Tonight I shall see in the New Year in the traditional British way by severely punishing my liver with copious amounts of alcoholic beverages. Hopefully there will also be some chocolate involved. If not, then never mind, as I’m sure the Tesco’s Value whiskey will see me through just fine.
The New Year is a chance to start again. But I think that in this day and age people forget to work on the most important things, and instead aim for grand revolutions that are simply unrealistic and overly ambitious. Alternatively, people set themselves a challenge, but forget to think about how they could go about accomplishing it in little steps, thus making it much harder for them to achieve their goals. Every year, when I write my New Year’s Resolutions, I think to myself, “I’m never going to manage this”, and, of course, I’m right. This year, when I make my plan, I shall try to focus on how I will actually fulfil each resolution. Here they are.
1. Stop biting my nails. Here’s one grand sweeping statement. But what I will do is cut down slowly, by first of all limiting it to my left hand, and then limiting it to my middle finger, and then stopping once and for all. If I manage this I can literally do anything.
2. Go to the gym. I hate exercise. I prefer books and chocolate. But I hereby vow that on Mondays, after games, I will go to the gym at school and read whilst on the treadmill. If I have an incentive to go, like a quiet half an hour of Hemingway, I may be able to convince myself that exercise is fun.
3. Eat an apple a day. No way am I going to say that I’ll eat five portions of fruit and veg a day. I will eat an apple. But only if it’s crunchy and green.

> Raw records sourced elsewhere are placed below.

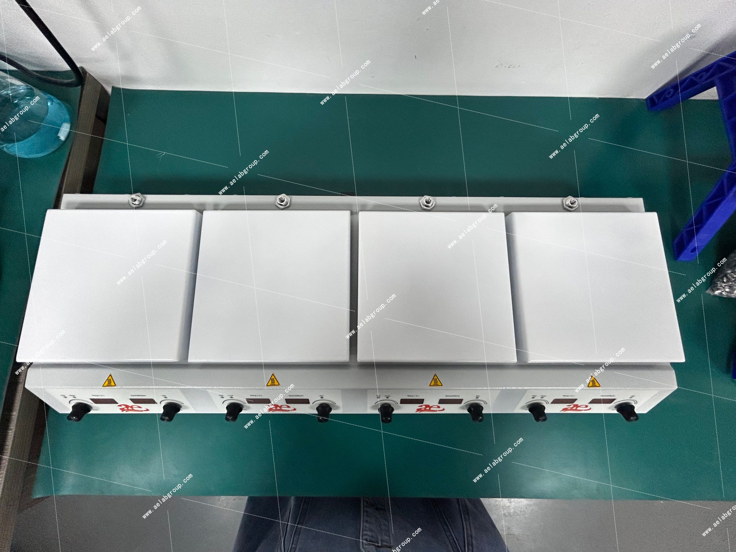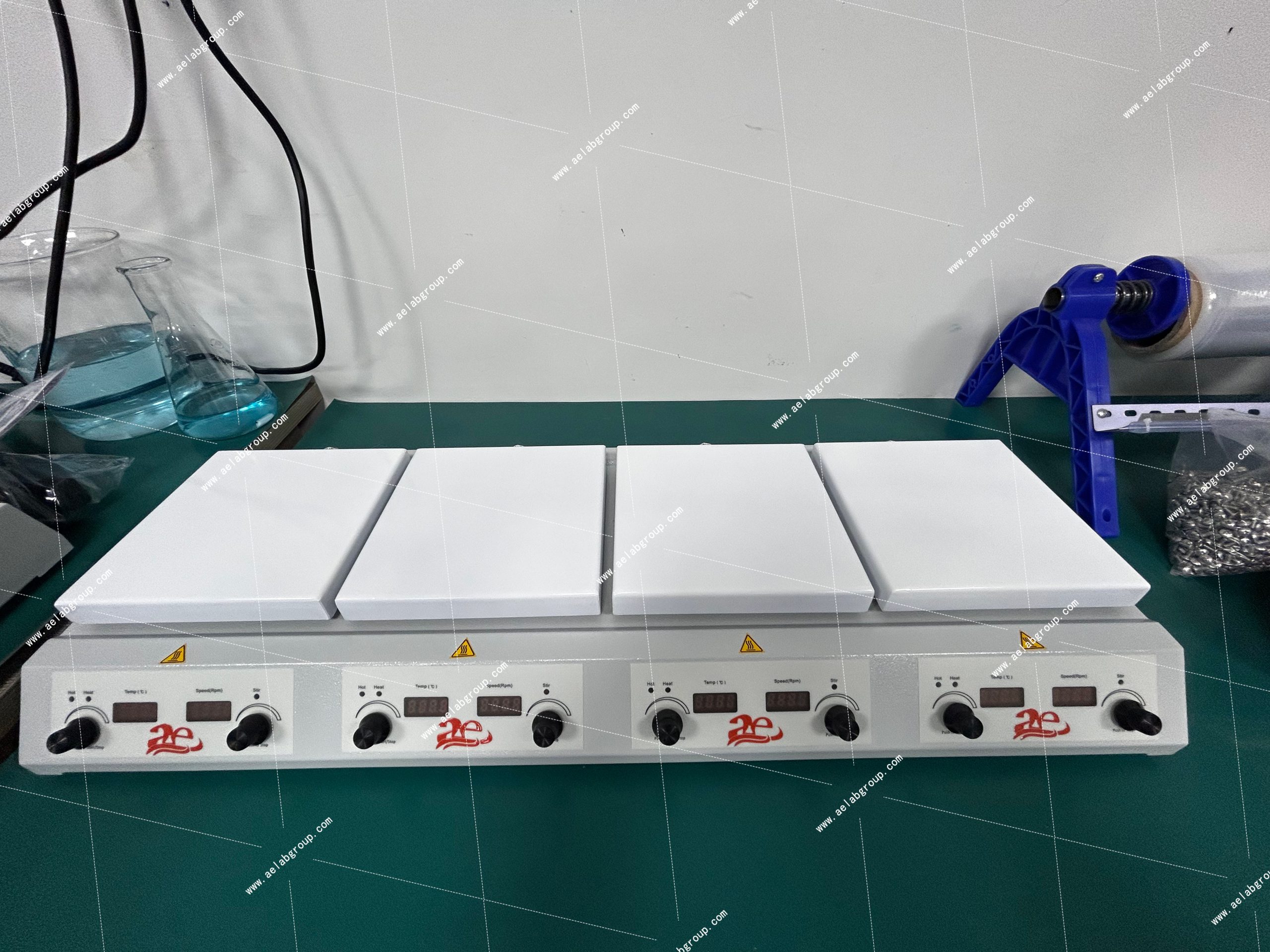 The Multi-Plates Magnetic Stirrer Hotplate HSHS-4P Series is a compact, four-position lab device designed for simultaneous heating and stirring. With plates measuring 178×178 mm, it provides precise heating up to 500°C and stirring speeds of 150–1600 rpm. Each position operates independently, allowing customization for different experiments. The unit includes three plate material options (ceramic-coated stainless steel, aluminum, pure ceramic) and offers accurate temperature control with ±0.5°C precision using the PT 1000 sensor. Safety features like overheat, hot surface, and residual temperature warnings enhance user protection. Designed for global use, it supports 200–240V, 50/60 Hz, making it a versatile tool for laboratories worldwide.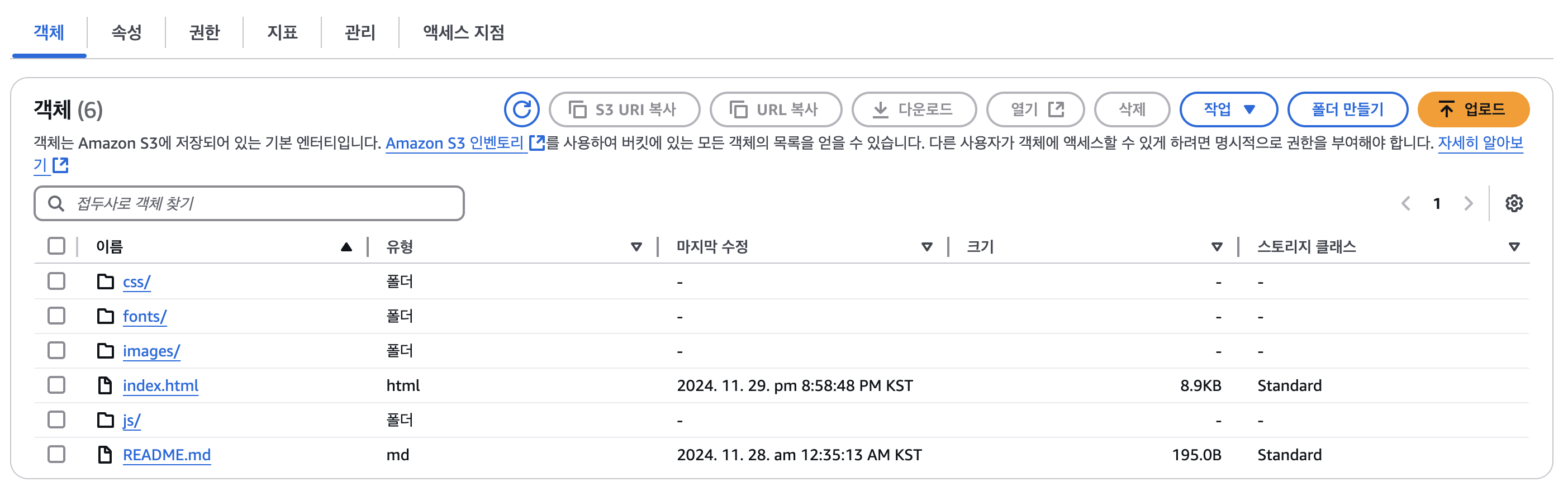 - build 폴더의 내용을 지정된 S3 버킷에 업로드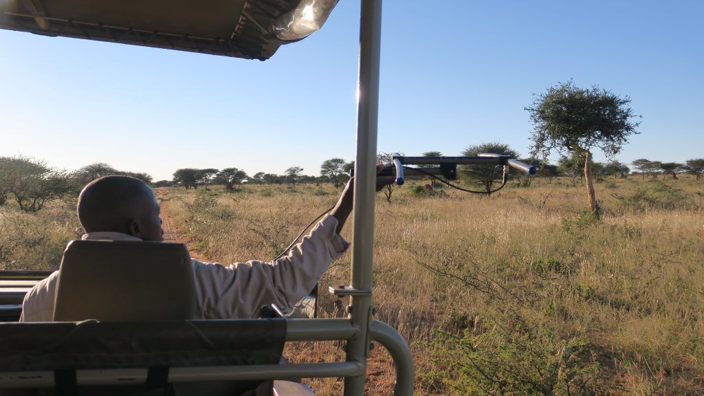 Abrigados, puesto que hace mucho frío a estas horas, montamos nuevamente en el todoterreno (esta vez acompañados por unos alemanes) para realizar un safari por la reserva, con la intención de ver algún leopardo. Algunos de ellos llevan collares de radio, por lo que el guía, provisto de una antena, los puede localizar sin tanta dificultad (aunque, como veremos posteriormente, no resulta ni mucho menos fácil; según nos dice el guía en el 50% de las ocasiones no hay éxito).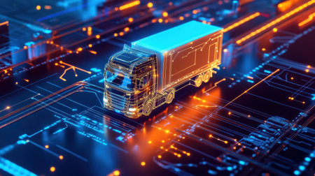 3d rendering of truck on circuit board background with bokeh lights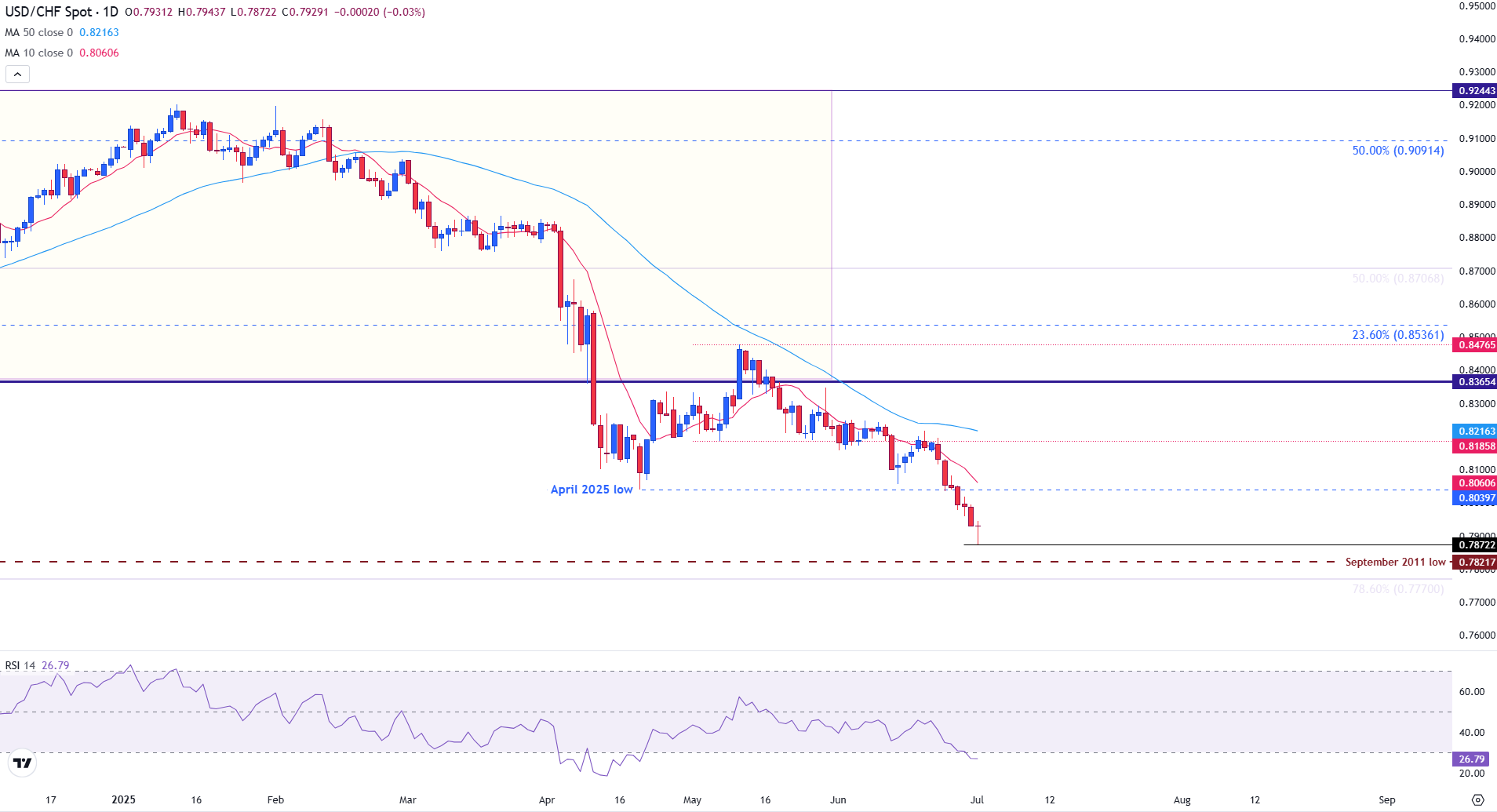 美元/瑞郎持稳,特朗普的税收法案通过参议院,而锤子线信号可能的反转

4. Do my homework on time. Dear Lord. The essays simply pile up. But, if I break them into little sections, for example making the plan when it’s set, writing the introduction the next day, and then the next paragraph the next day and so on, I may be able to keep on top of it.
5. Stop fighting with my family. When they are annoying, leave the room. Or do breathing exercises. Or something. And bear in mind that if you tell them to shove the hell off, they could ground you, and that would be sad.

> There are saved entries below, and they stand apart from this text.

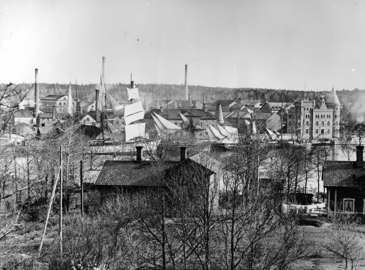 Titel: Vy mot Gustavsbergs hamn från norr, Franska byggena i förgrunden.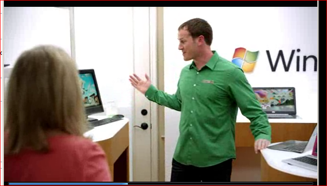 Wow! Look at the huge choice of computers on display!! Sadly they are all windows PC's so the idea of a shop where you have a real choice of the most important part, the OS, doesn't apply. After much cooing, the victim chooses a pretty looking laptop. Unfortunately, the victim always seems to be a PC user and doesn't want to buy an Apple Mac.
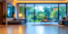 A warm ray of sunlight streams through a window, illuminating a cozy living room, where a potted plant sits on a coffee table, adding a touch of nature to the space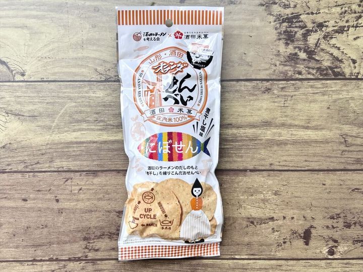 「酒田のラーメンを考える会」と「オランダせんべい」がコラボし誕生した「にぼせん」は、ラーメンスープの出汁取りとして使用した煮干しを生地へ練り込んだ、SDGs商品です。味付けには地元で採れる2種類の塩(煮干し粉末入り)を使用しているそう。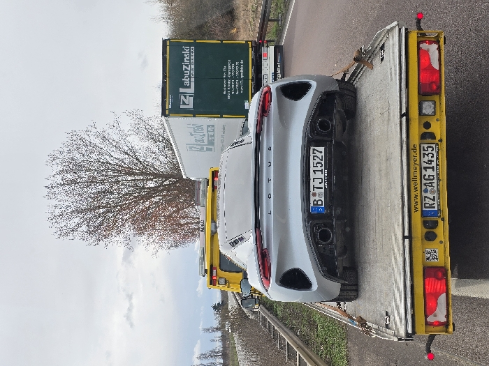 - "A silver Lotus Emira sports car is depicted secured on the flatbed of a yellow tow truck" by FM-5wmrT2, licensed under CC BY 4.0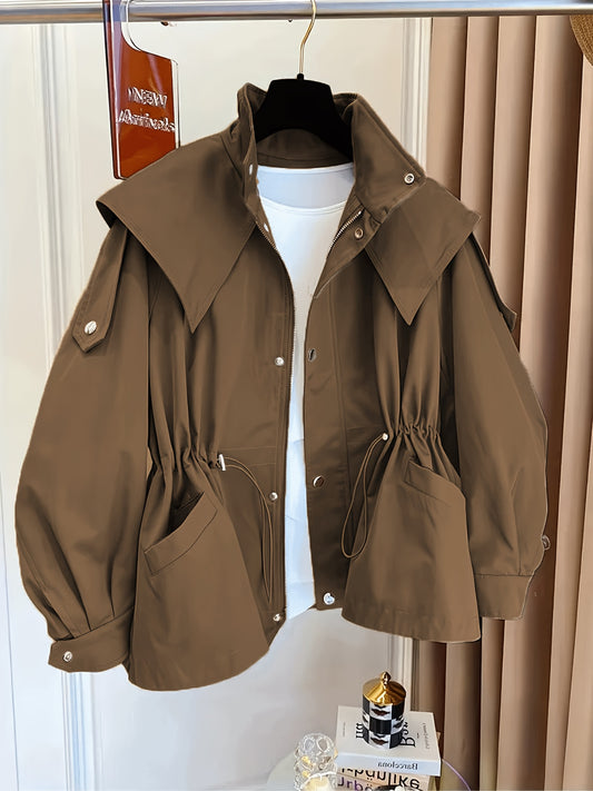 Կանացի միագույն պոլիեսթերային վերարկու՝ լարով գոտկատեղի, օձիքի և կրծքավանդակի գրպաններով - Գարնանային և աշնանային նորաձևություն, հարմարավետ, չձգվող գործվածք, ամենօրյա վերնազգեստ | Դասական երկար թևքեր | Չձգվող նյութ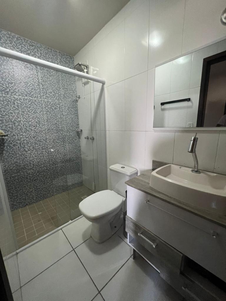 Sobrado de três dormitórios sendo uma suíte, cozinha, sala de estar e jantar integrados, área de serviço, churrasqueira, banheiro social e duas vagas de garagem.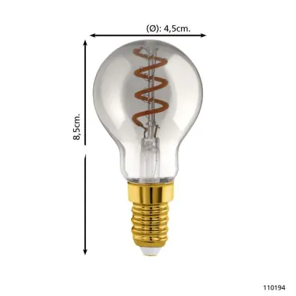 La lampada Eglo LED Sferica E14 Filamento Smokey 4W 100lm - 820 Bianco Molto Caldo | Dimmerabile - Sostitutiva 15W è il sostituto perfetto per le tue vecchie lampade 15W con attacco a vite piccolo E14 grazie alla sua tecnologia LED. Passare a LED ti offrirà molti vantaggi!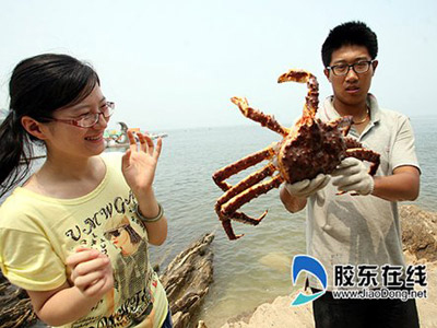 遠渡重洋來到煙臺的這幾只大螃蟹,不但體格超大,而且還有一些“特異功能”呢。矯先生告訴記者,其中那個名叫“霸王”的大螃蟹有6斤重,展開之后能有1米長,售價近2000元。“這么大的‘帝王蟹’在國內(nèi)來說不多見的。”矯先生說。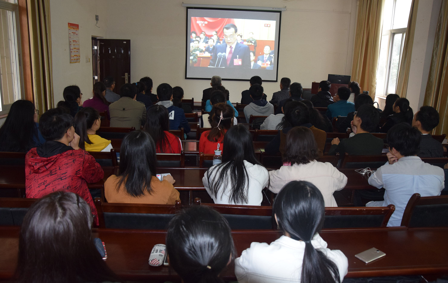 10月18日上午中国共产党第十九次全国代表大会在人民大会堂隆重召开。理学院师生党员40余人在研究生教室集中收看十九大开幕会。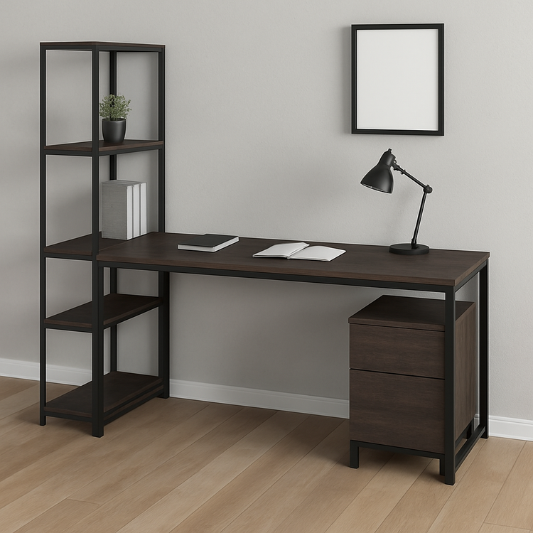 میز مطالعه، میزکامپیوتر قفسه دار وکشو دار مدل honarmand کد ۱۰۹۸ رنگ قهوه ای /سفید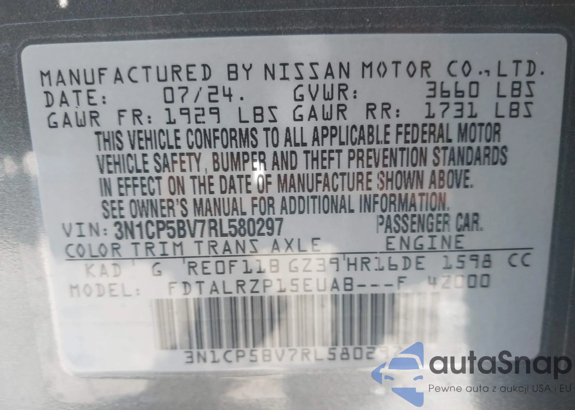 VIN: 3N1CP5BV7RL580297

6. Don’t overuse Facebook. I may find a way on my PC to limit myself to half an hour a day on certain websites (I shall include YouTube in this). Alternatively, block it until after 10pm so that I have to do my homework first. Or just delete my account . . . oh no, wait, sorry, not going to happen.
7. Read more. I suppose this will be one of the side effects of less Facebook. Instead of staying up on the computer every night, I shall read a nice story. Simples.

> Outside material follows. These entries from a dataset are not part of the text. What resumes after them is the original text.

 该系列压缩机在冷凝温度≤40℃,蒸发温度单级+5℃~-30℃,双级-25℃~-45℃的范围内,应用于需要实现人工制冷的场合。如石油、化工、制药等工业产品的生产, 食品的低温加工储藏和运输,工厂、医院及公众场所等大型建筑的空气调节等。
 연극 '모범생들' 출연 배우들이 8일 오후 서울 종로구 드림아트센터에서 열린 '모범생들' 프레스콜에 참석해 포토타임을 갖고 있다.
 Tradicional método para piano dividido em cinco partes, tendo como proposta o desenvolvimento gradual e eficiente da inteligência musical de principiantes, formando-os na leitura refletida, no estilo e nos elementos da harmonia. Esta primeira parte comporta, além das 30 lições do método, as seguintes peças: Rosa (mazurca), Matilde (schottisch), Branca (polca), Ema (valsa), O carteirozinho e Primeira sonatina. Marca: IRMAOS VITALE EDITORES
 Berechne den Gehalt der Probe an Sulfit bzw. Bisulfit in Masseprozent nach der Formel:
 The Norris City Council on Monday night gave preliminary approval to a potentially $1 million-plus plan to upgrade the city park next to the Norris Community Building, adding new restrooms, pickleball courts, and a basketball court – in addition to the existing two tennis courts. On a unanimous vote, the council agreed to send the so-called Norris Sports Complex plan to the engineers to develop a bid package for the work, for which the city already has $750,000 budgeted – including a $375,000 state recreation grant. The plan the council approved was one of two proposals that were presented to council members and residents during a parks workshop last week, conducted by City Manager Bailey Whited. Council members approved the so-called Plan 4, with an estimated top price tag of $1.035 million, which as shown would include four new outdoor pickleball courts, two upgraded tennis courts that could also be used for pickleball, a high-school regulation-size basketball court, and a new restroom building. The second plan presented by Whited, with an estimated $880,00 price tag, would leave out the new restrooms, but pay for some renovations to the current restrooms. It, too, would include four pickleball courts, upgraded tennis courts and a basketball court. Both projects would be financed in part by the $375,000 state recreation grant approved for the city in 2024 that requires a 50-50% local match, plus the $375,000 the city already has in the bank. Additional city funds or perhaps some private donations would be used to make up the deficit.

8. Practise cello more. Oh my days, how shall I accomplish this one. I hereby set myself the challenge of half an hour a day, ESPECIALLY on Wednesdays when I have my lesson, as if I don’t do it then I shall leave it in its case all week.
9. Drink less alcohol. Starting from tomorrow, of course. Tonight is New Year’s Eve. Give me a break. But when I get very drunk I do very silly things that I later on regret, so I shall limit myself to one beer at parties and be done with it.
10. Don’t stab stupid people. Nuff said.
I reckon 2011 has been my best and worst year yet. On the downside, I’ve had GCSEs, bitchy friends, a screw-up of a love affair, a hell of a lot of family drama, and disappointment left, right and centre. On the other hand, I did bloody well in my exams, made some excellent new friends, started a really quite nice love affair, have some good times with my family, and went to Israel and Greece. I don’t think I’ve done too badly. And neither has the world, which may have struggled through a mighty financial recession and had millions of people being murdered in uprisings all over the Middle East and Africa, horrible violence in the riots in the UK, an earthquake in Japan, a massacre in Norway and demonstrations all over the place, but still managed to chug out a political revolution, independence in South Sudan, a treaty between India and Pakistan, water on Mars, the homecoming (finally) of Gilad Shalit, the end of the Iraq War, seven billion people on the planet, and a royal wedding to boot. Plus Dougie from McFly won I’m A Celebrity Get Me Out Of Here, and Little Mix didn't get the Christmas No. 1.
When things look shit, just check the Wikipedia page, and you’ll find a million happy things that you’d forgotten about. We gravitate towards the gloomy. It’s in our nature. Learn to fight it. There’s my lesson for the New Year.
Happy New Year, and see y’all in 2012.